Although his earliest works dealt with Roman Law, Kurt’s reputation and later career rest largely on his studies on the conflict of laws within international law (both public and private), and his views (with Gutteridge) have strongly influenced the coverage of the subject in Dicey & Morris’s Conflict of Laws (Forsyth 2004). An important development in broadening his horizons on the reception of western law into jurisdictions with different cultures, was his appointment as Directeur des Recherches of the International Association of Legal Science for the period 1954-59. The results of this are apparent in the five publications Kurt produced on the legal regimes in Turkey and India.

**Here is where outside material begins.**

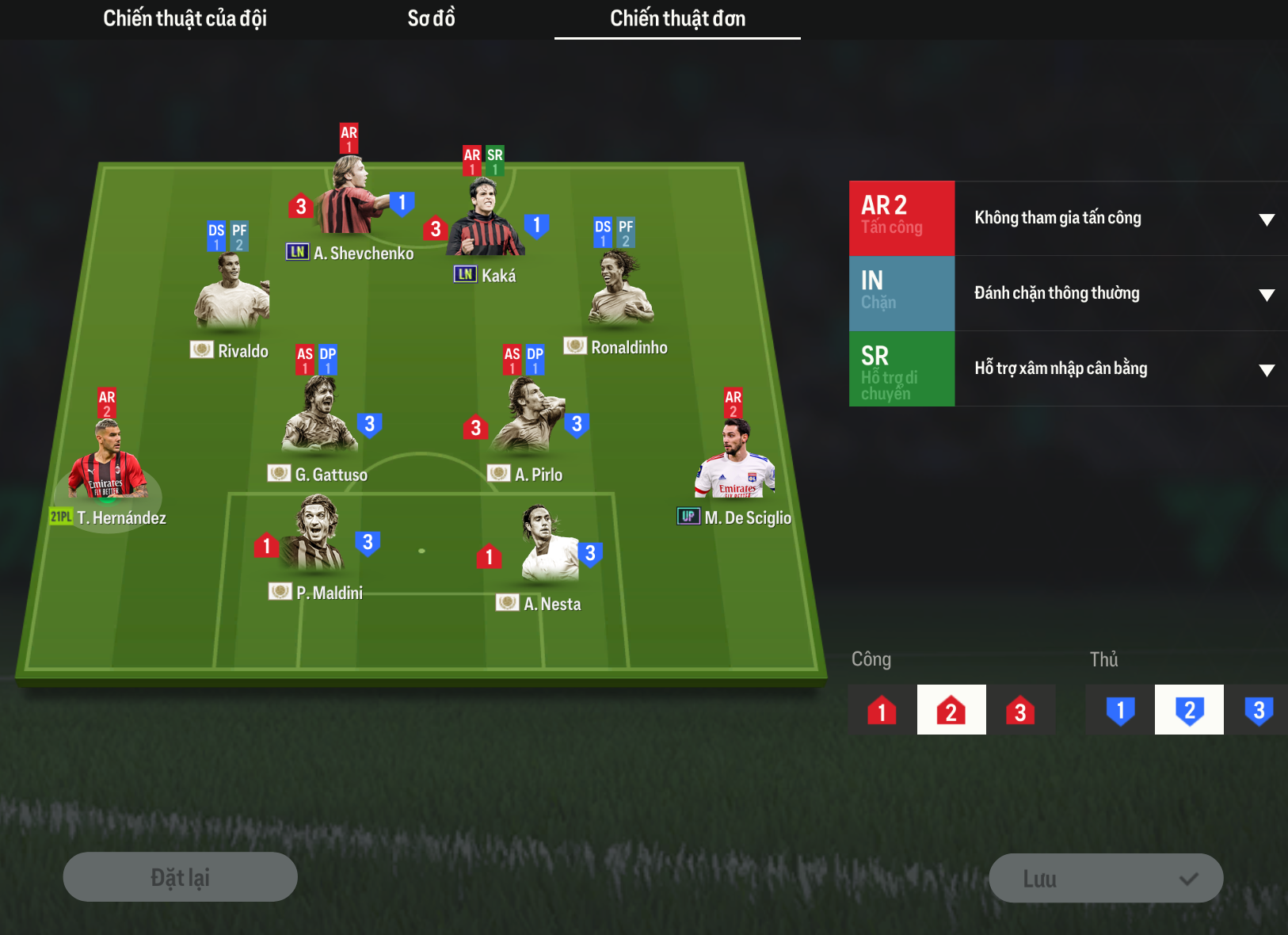 Chiến thuật cá nhân được thiết lập như hình với bộ tứ vệ thi đấu ít dâng, hạn chế tham gia tấn công và chú trọng vào các tình huống phòng ngự. Hàng tiền vệ thi đấu giữ vị trí, xu hướng chơi rộng để hỗ trợ các cầu thu cả về phòng ngự lẫn tấn công.
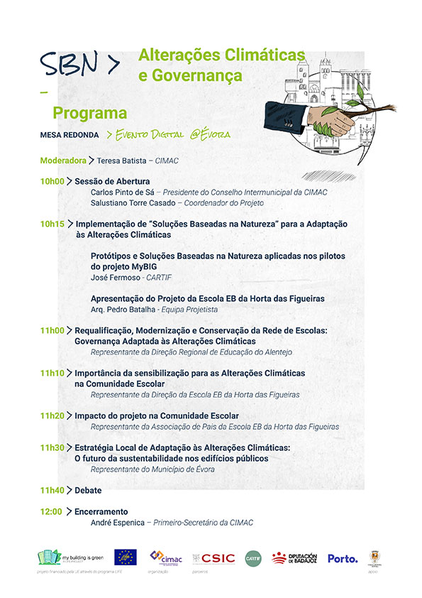 Esta iniciativa surge no âmbito do projeto My Building Is Green, do qual a CIMAC é parceira, e tem como objetivo aumentar a consciência, sensibilização e conhecimento das Soluções Baseadas na Natureza como medidas de adaptação climática em edifícios e cidades.

During our interviews, it was clear that Kurt was particularly sensible (the word proud would be an unworthy epithet for such a self-effacing man) of the honour accorded him on his invitation to give The Hague lectures in 1972 (and which he published separately in 1976). When he was asked for the highlights of his career at the end of the interviews, he replied; the achievement of an academic career, the title of Queen’s Counsel, and his membership of the Institute of International Law.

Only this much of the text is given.